» TASK TO COMPLETE:
Write out exactly the lines from the one containing "GLAMERMAID Press on" through the last line of the records below, both included, and leave out any pictures.

----------------------------------------

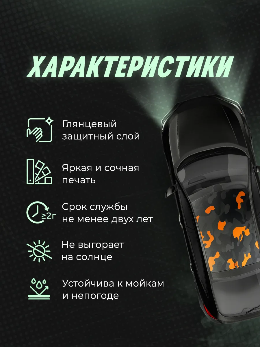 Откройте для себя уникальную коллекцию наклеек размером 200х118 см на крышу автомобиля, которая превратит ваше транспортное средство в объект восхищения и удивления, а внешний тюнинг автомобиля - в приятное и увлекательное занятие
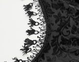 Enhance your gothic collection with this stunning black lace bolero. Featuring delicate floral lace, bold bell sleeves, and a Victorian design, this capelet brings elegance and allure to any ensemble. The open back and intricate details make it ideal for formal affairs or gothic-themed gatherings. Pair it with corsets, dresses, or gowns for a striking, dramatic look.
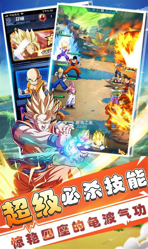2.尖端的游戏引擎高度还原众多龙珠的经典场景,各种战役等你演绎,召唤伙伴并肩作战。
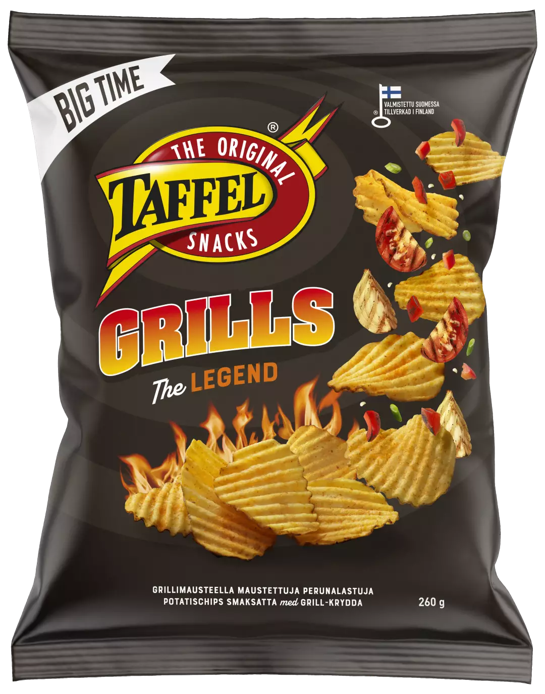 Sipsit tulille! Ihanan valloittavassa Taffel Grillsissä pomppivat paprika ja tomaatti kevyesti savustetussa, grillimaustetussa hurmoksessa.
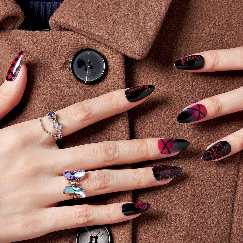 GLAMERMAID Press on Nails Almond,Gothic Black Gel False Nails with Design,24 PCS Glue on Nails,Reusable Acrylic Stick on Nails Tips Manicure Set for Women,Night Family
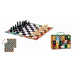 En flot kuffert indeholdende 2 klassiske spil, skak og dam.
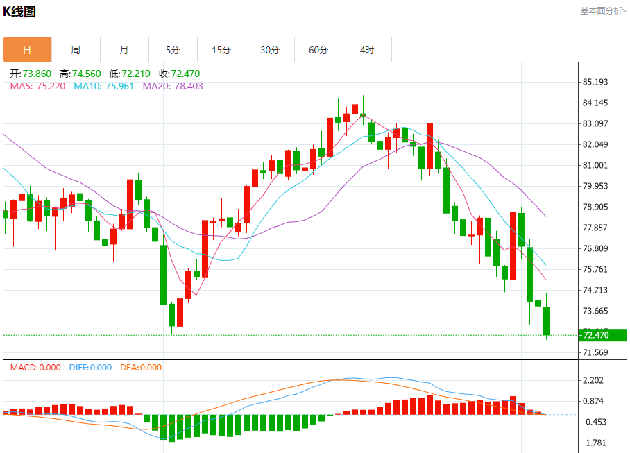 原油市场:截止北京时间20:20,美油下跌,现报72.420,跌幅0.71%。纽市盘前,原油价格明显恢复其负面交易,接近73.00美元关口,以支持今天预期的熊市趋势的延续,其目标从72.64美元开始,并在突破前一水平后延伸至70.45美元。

----------------------------------------

» COMPLETED EXERCISE:
 GLAMERMAID Press on Nails Almond,Gothic Black Gel False Nails with Design,24 PCS Glue on Nails,Reusable Acrylic Stick on Nails Tips Manicure Set for Women,Night Family
 En flot kuffert indeholdende 2 klassiske spil, skak og dam.
 原油市场:截止北京时间20:20,美油下跌,现报72.420,跌幅0.71%。纽市盘前,原油价格明显恢复其负面交易,接近73.00美元关口,以支持今天预期的熊市趋势的延续,其目标从72.64美元开始,并在突破前一水平后延伸至70.45美元。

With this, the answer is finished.